▸ How to complete this task
From the line containing "Measure, DM)存在一定的关系(Shannon et" through the last line of the data, both ends included, write out every line exactly; omit the pictures.

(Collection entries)
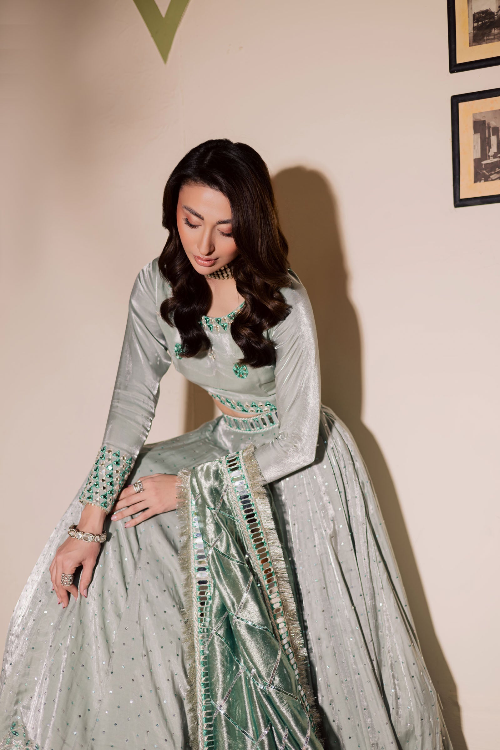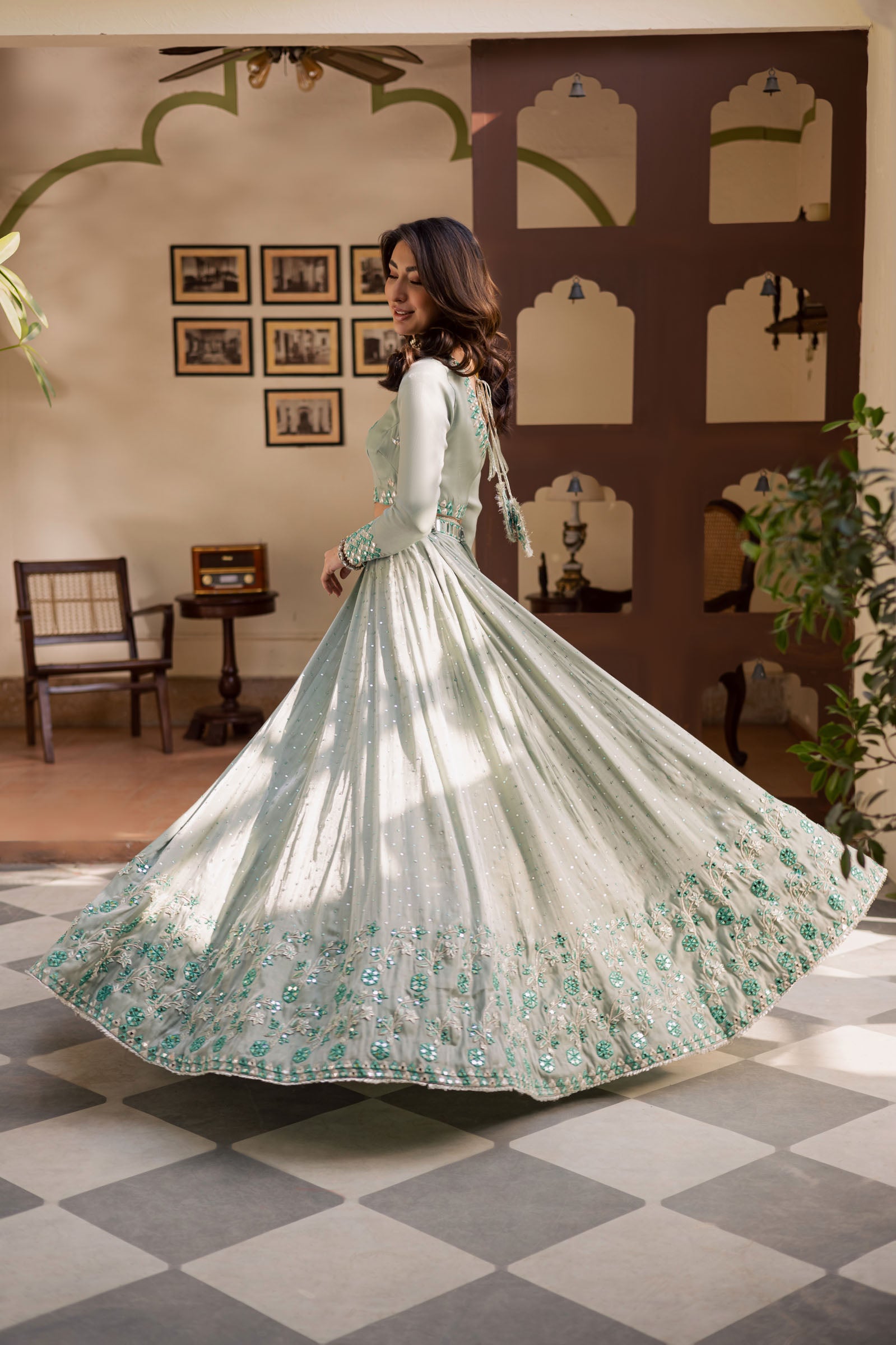 A graceful pastel green lehenga choli set, beautifully crafted with a fully lined lehenga supported with can-can for a structured yet flowing silhouette. The lehenga features mirror and Kota work, enhanced with an all-over hand embellished Sitara spray in matching green and silver tones.
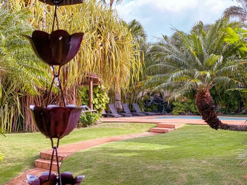 緑豊かな庭、プール、Wifi、BBQがあるハイエンドの近所のハワイアンラグジュアリーヴィラ Luxurious Hawaiian Villa Oasis
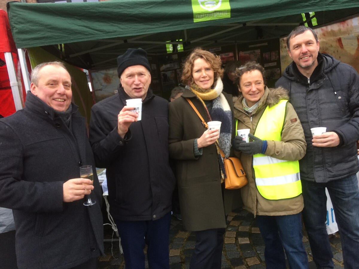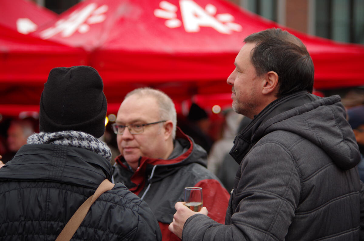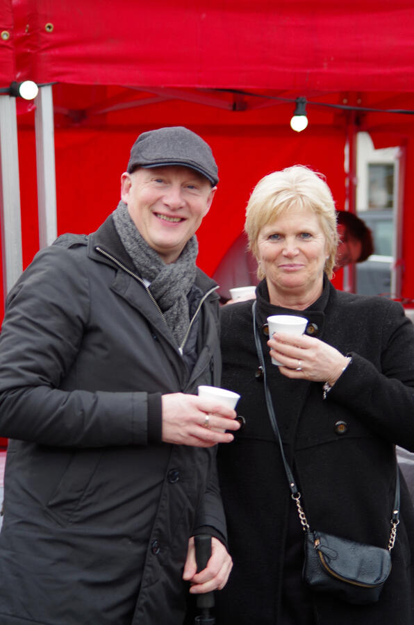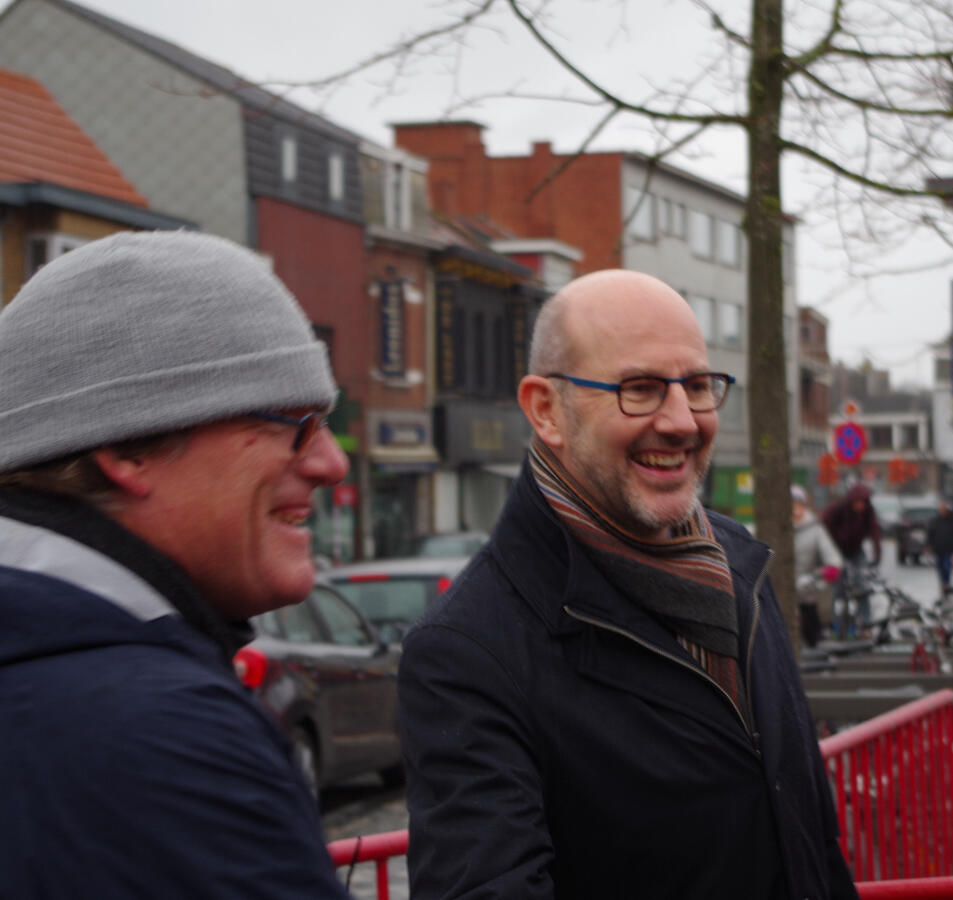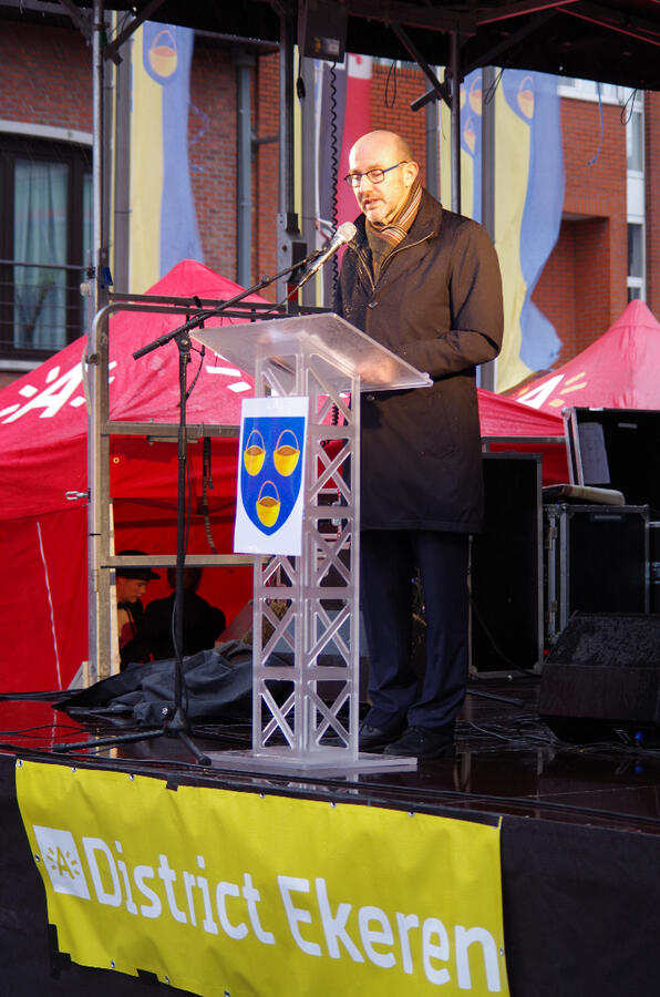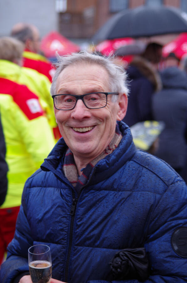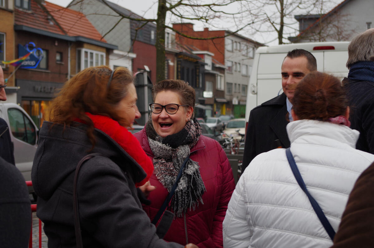 Ondanks de regen, veel volk op de nieuwjaarsdrink op het Kristus Koningplein voor de inwoners van Ekeren.
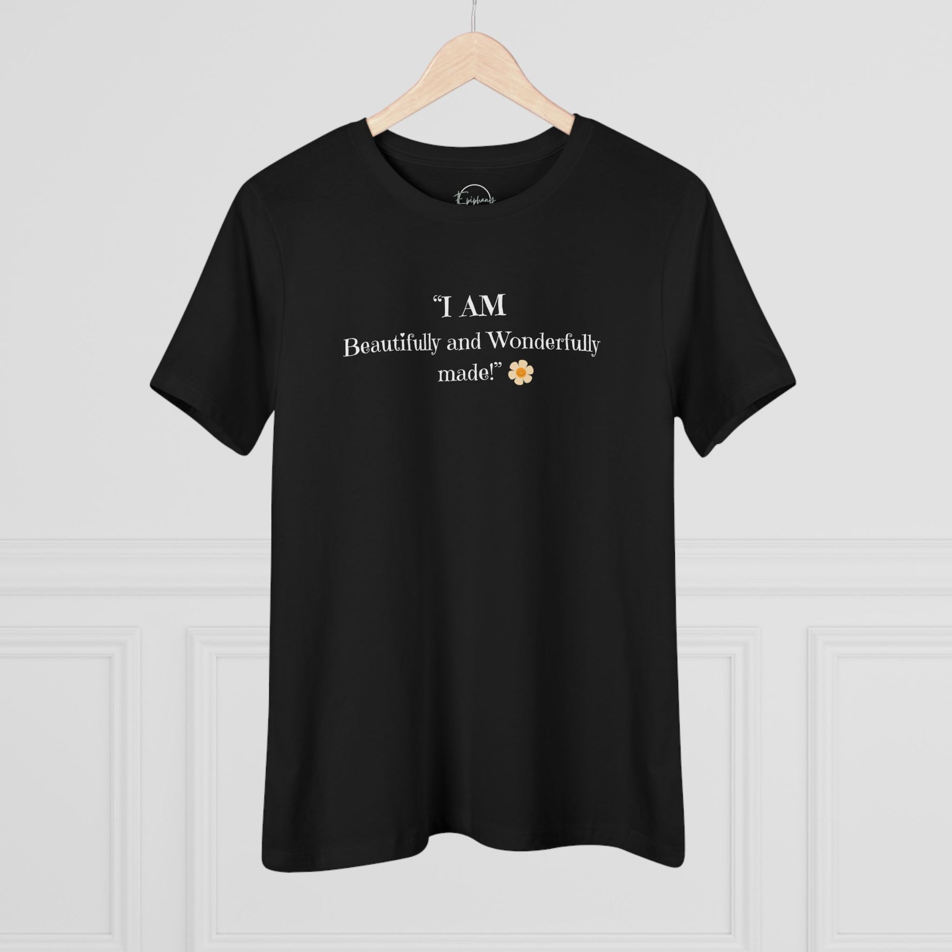 Embrace comfort and style with this Women's Cotton Tee, a perfect addition to your casual wardrobe. The uplifting message, 'I am Beautifully and Wonderfully made,' radiates positivity and self-love. Ideal for everyday wear or special occasions, it seamlessly fits into various settings—from a cozy day at home to outings with friends. This tee is designed for anyone who appreciates comfort, quality, and a bit of inspiration. It’s a great gift for friends or family during holidays, birthdays, or just because. Celebrate those who uplift and empower others with this stylish statement piece.
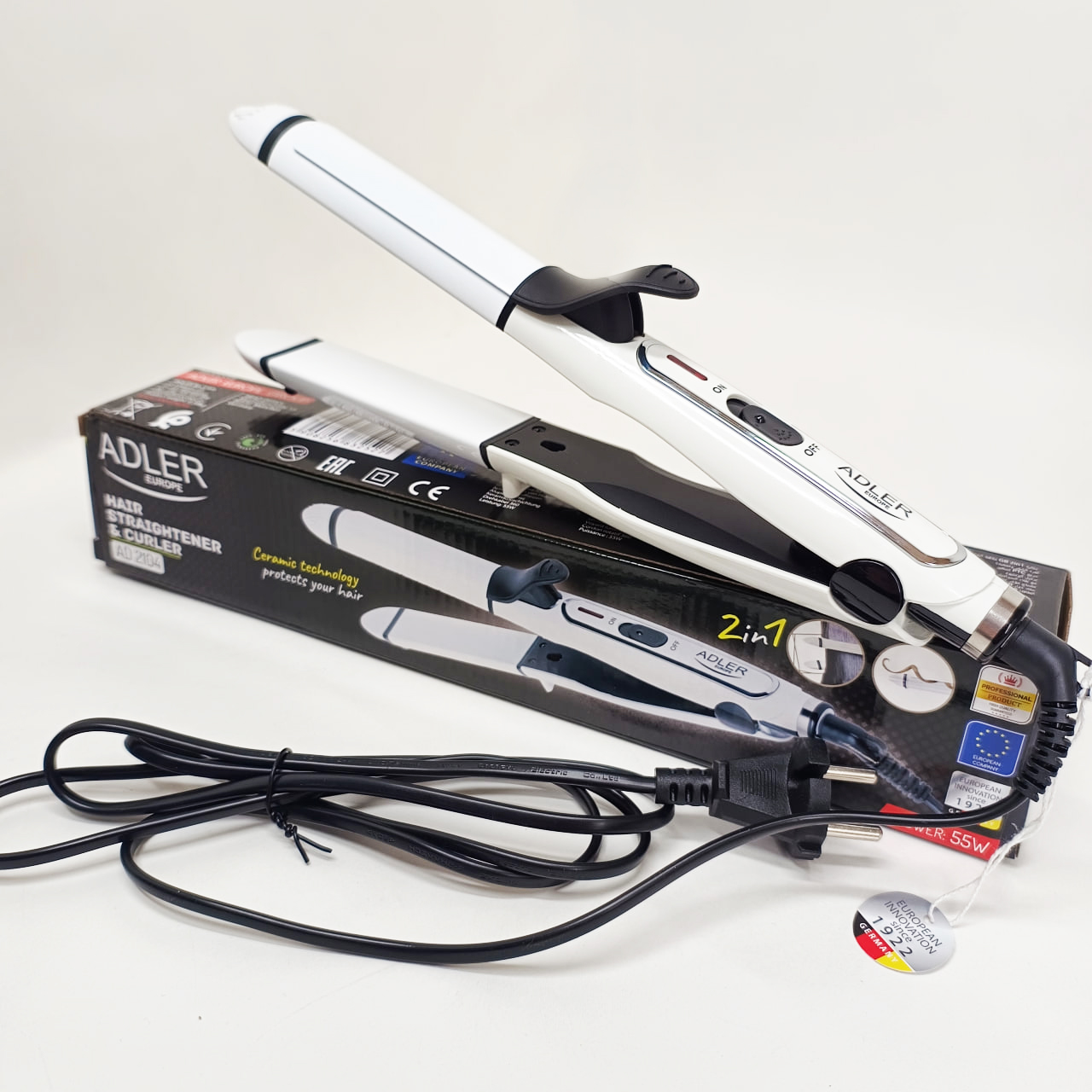 Adler AD-2104 – це універсальний стайлер, створений для комфортного створення бездоганних зачісок щодня. Він об’єднує функції випрямлення та завивки волосся, забезпечуючи професійний догляд у домашніх умовах. Завдяки спеціальним технологіям ця модель допоможе заощадити час і зберегти здоровий вигляд волосся, адаптуючись до різноманітних стилів і текстур.
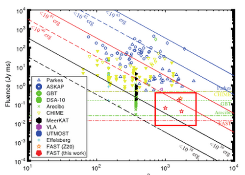 澳大利亚香农(Shannon)博士等比较了帕克斯望远镜和澳大利亚平方公里先导阵的快速射电暴样本比对分析,得出FRB的流量通量(Fluence)与色散(Dispersion Measure, DM)存在一定的关系(Shannon et al. 2018)。FAST探测到的这几例FRB事件具有流量通量低,色散值高的特点,填补了FRB的Fluence-DME相图中空白,补充验证了Fluence-DME反相关的关系。结合模拟计算表明,FAST探测的FRB样本可以延展到z>3,并且其色散分布将能约束FRB的本征光度函数,从而帮助我们揭开此类暴发现象的神秘面纱。
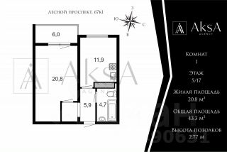 + Классическая планировка: изолированная комната 20,8м2 с выходом на лоджию 6м2, кухня 11,9м2, коридор 5,9м2 с встроенным шкафом, совмещенный санузел 4,7м2

▸ Response to the task
 澳大利亚香农(Shannon)博士等比较了帕克斯望远镜和澳大利亚平方公里先导阵的快速射电暴样本比对分析,得出FRB的流量通量(Fluence)与色散(Dispersion Measure, DM)存在一定的关系(Shannon et al. 2018)。FAST探测到的这几例FRB事件具有流量通量低,色散值高的特点,填补了FRB的Fluence-DME相图中空白,补充验证了Fluence-DME反相关的关系。结合模拟计算表明,FAST探测的FRB样本可以延展到z>3,并且其色散分布将能约束FRB的本征光度函数,从而帮助我们揭开此类暴发现象的神秘面纱。
 + Классическая планировка: изолированная комната 20,8м2 с выходом на лоджию 6м2, кухня 11,9м2, коридор 5,9м2 с встроенным шкафом, совмещенный санузел 4,7м2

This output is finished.